CREATE TABLE dashboards
(
    id INT NOT NULL IDENTITY(1, 1) PRIMARY KEY,
    name NVARCHAR(80) NOT NULL
);

CREATE TABLE time_on_site_logs
(
    id INT NOT NULL IDENTITY(1, 1) PRIMARY KEY,
    dashboard_id INT NOT NULL,
    CONSTRAINT FK_Time_On_Site_Logs_Dashboards
      FOREIGN KEY (dashboard_id)
      REFERENCES Dashboards(id),
    user_id INT NOT NULL
);

I didn’t bother with a users table and foreign key because as far as I know there’s nothing in the following queries that would benefit from it. (SQL Server can apply JOIN elision when working with trusted foreign keys … but we never JOIN to users)

The Data

Not knowing what the data is I made some guesses.

WITH cteNumbers AS
(
  SELECT 1 AS Number
  UNION ALL
  SELECT Number + 1
  FROM   cteNumbers
  WHERE  Number < 216
)
INSERT INTO dashboards(name)
SELECT CAST(cteNumbers.Number AS NVARCHAR(80))
  FROM cteNumbers
OPTION (MAXRECURSION 0);

INSERT INTO time_on_site_logs(dashboard_id, user_id)
SELECT dashboards.id, 1 + (RAND(CAST(NEWID() AS VARBINARY)) * 1000)
FROM   dashboards,
       dashboards A,
       dashboards B;

SELECT COUNT(*) FROM time_on_site_logs;

It’s slightly unrealistic because there are so many rows (10,077,696) that in practice the RAND... bits cause every user to visit every dashboard at least once, but should do for now.

The Indexes

Periscope say that assume the handy indices on user_id and dashboard_id are in place. The most handy indexes I can think of are as follows.

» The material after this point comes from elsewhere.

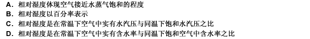 第 66 题 下列关于相对湿度的论据,哪一条是错误的?( )

Note that I’m assuming that time_on_site_logs doesn’t have a natural key in dashboard_id and user_id – users might visit dashboards multiple times.

CREATE INDEX IX_Dashboard_Id
  ON time_on_site_logs (dashboard_id, user_id);

CREATE INDEX IX_User_Id
  ON time_on_site_logs (user_id, dashboard_id);

Both columns are included in the key rather than covered — the ordering helps when calculating DISTINCT.

Using covering indexes causes MSSQL to pick a different plan, but the performance is similar. The relative performance between each query is still the same … exactly the same.

I’m throwing in a unique index on dashboards.name too; if we’re going to report on dashboards by name it doesn’t make sense to have dashboards with the same name. No online retailer is looking at their sales reports and thinking that John Smith is their best customer and Amorette McFredson is their worst.

CREATE UNIQUE INDEX IX_Name
  ON dashboards (name);

The Queries

Modified for Transact-SQL and serial execution is enforced.

select 
  dashboards.name, 
  count(distinct time_on_site_logs.user_id)
from time_on_site_logs 
join dashboards on time_on_site_logs.dashboard_id = dashboards.id
group by name 
/* modified: was "order by count desc" */
order by count(distinct time_on_site_logs.user_id) desc
/* serial execution */
OPTION (MAXDOP 1);

select
  dashboards.name,
  log_counts.ct
from dashboards
join (
  select
    dashboard_id,
    count(distinct user_id) as ct
  from time_on_site_logs 
  group by dashboard_id
) as log_counts 
on log_counts.dashboard_id = dashboards.id
order by log_counts.ct desc
/* serial execution */
OPTION (MAXDOP 1);

select
  dashboards.name,
  log_counts.ct
from dashboards 
join (
  select distinct_logs.dashboard_id, 
  count(1) as ct
  from (
    select distinct dashboard_id, user_id
    from time_on_site_logs
  ) as distinct_logs
  group by distinct_logs.dashboard_id
) as log_counts 
on log_counts.dashboard_id = dashboards.id
order by log_counts.ct desc
/* serial execution */
OPTION (MAXDOP 1);

The Results

le_meme

Identical execution plans across the board. Approximately two seconds when running serially, one second when running in parallel.

boring

The parallel plans look similar to the above but with some parallel operators thrown in.

Conclusion

I’m quite sure to make of this. MSSQL did exactly what I thought it would do, but it’s not clear why PgSQL couldn’t generate the best plan from the simplest form the query.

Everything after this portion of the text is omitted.